§ **What you will do**: The answer is to be the lines below that lie between the line holding "The toilets have" and the line holding "ALWAYS have the", inclusive, transcribed exactly and free of pictures.

§ **Available records**:
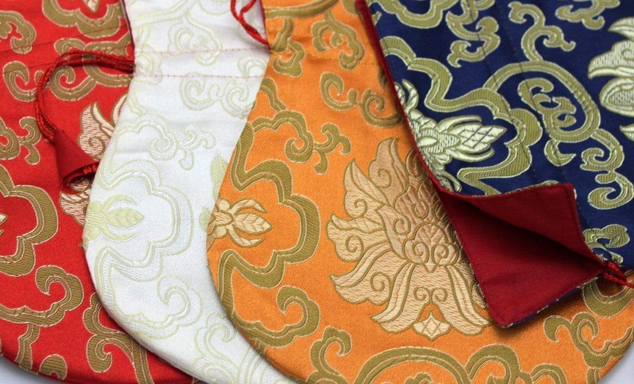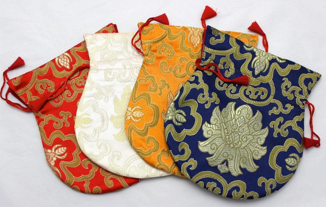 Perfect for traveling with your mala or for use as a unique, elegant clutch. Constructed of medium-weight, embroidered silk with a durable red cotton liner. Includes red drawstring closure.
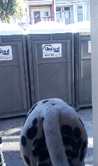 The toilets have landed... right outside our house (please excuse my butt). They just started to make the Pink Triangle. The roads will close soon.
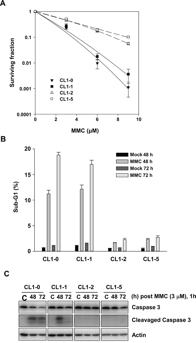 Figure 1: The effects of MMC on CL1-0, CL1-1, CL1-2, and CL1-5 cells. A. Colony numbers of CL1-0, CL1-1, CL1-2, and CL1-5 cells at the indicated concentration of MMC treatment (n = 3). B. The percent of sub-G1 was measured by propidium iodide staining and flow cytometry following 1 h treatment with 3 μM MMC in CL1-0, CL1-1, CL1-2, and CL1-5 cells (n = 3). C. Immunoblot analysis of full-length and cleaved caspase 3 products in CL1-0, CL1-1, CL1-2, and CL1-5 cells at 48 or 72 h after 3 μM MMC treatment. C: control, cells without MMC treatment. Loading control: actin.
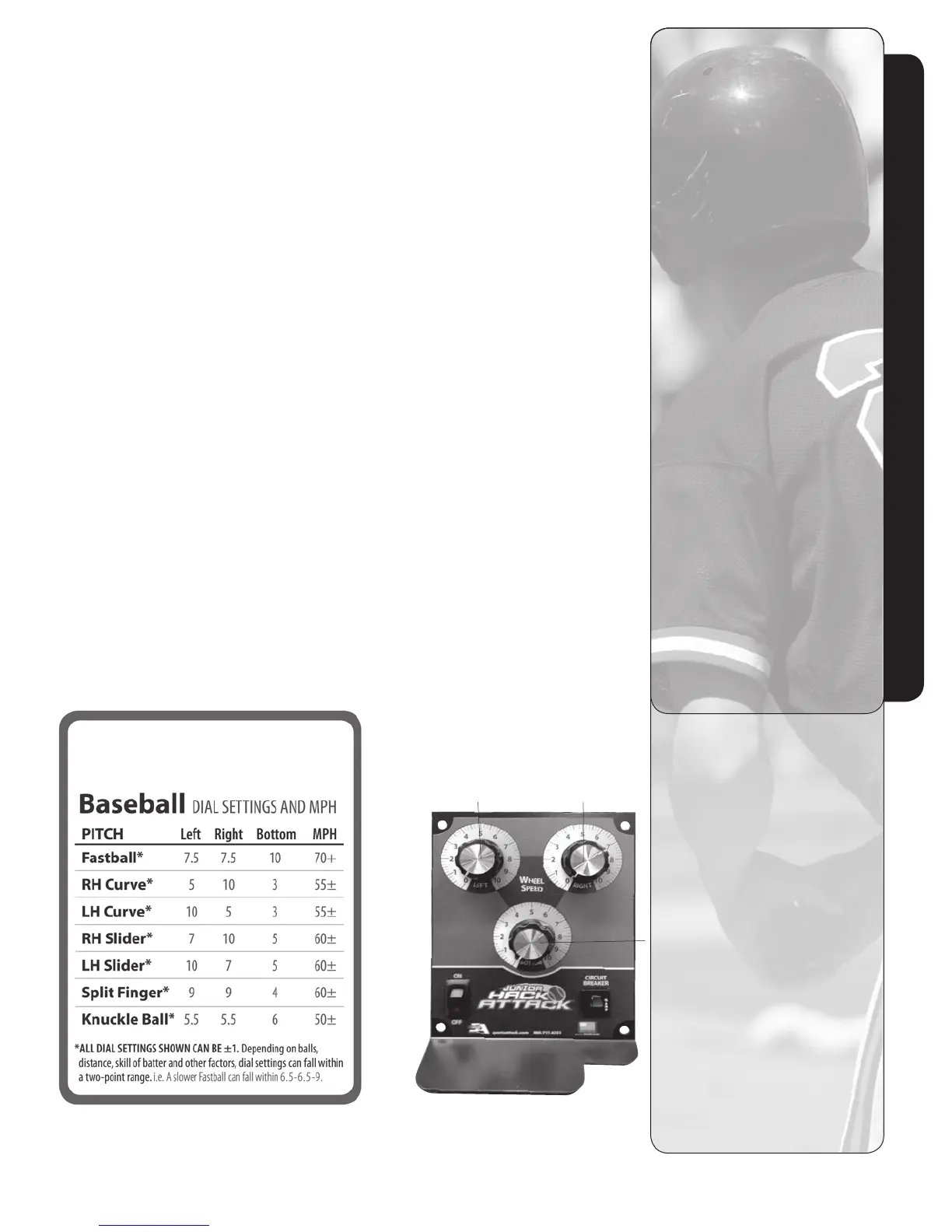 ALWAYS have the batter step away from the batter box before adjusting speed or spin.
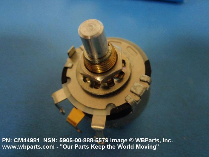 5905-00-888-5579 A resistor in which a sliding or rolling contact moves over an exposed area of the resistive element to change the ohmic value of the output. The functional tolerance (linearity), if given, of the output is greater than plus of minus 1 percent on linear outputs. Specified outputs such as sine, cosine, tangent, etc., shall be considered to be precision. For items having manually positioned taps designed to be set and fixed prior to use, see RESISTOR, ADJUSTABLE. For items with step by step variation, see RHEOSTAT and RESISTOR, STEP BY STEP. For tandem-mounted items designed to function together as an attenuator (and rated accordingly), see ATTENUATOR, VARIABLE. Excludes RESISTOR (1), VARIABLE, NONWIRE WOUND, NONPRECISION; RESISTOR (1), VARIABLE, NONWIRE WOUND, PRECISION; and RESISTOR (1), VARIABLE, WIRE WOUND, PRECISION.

==

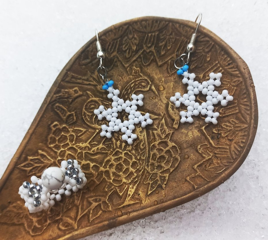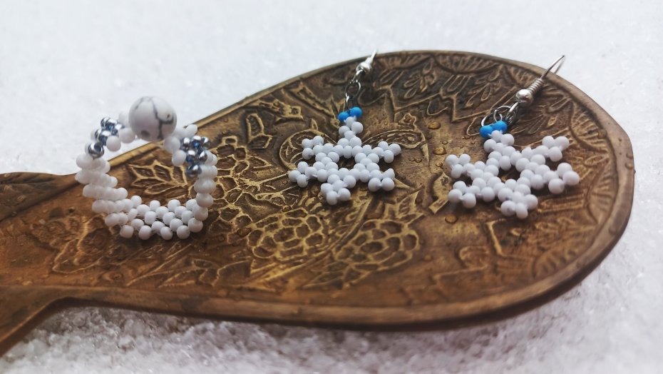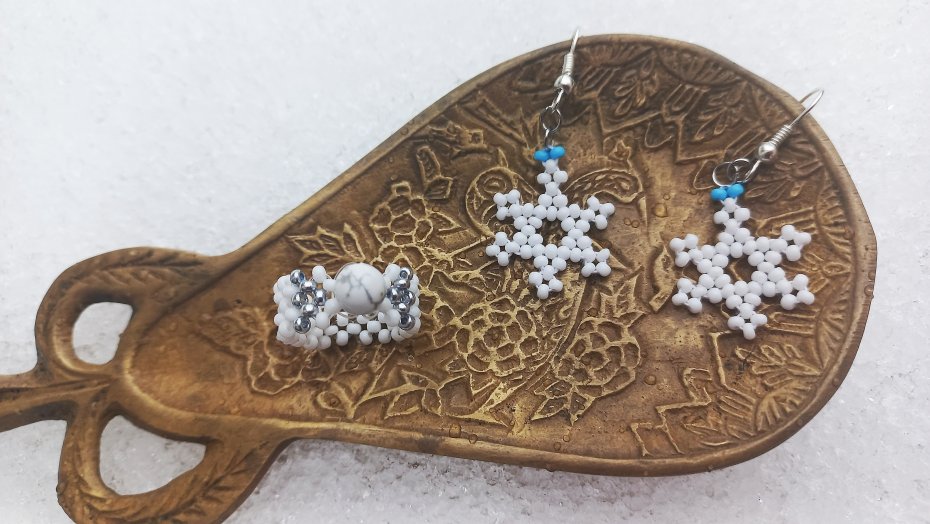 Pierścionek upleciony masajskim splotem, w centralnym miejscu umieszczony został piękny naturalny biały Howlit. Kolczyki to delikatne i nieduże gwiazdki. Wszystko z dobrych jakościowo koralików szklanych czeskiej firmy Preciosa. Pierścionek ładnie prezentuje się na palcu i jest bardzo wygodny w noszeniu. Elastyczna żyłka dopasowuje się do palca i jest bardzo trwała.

§ **Exercise solution**:
 The toilets have landed... right outside our house (please excuse my butt). They just started to make the Pink Triangle. The roads will close soon.
 Figure 1: The effects of MMC on CL1-0, CL1-1, CL1-2, and CL1-5 cells. A. Colony numbers of CL1-0, CL1-1, CL1-2, and CL1-5 cells at the indicated concentration of MMC treatment (n = 3). B. The percent of sub-G1 was measured by propidium iodide staining and flow cytometry following 1 h treatment with 3 μM MMC in CL1-0, CL1-1, CL1-2, and CL1-5 cells (n = 3). C. Immunoblot analysis of full-length and cleaved caspase 3 products in CL1-0, CL1-1, CL1-2, and CL1-5 cells at 48 or 72 h after 3 μM MMC treatment. C: control, cells without MMC treatment. Loading control: actin.
 ALWAYS have the batter step away from the batter box before adjusting speed or spin.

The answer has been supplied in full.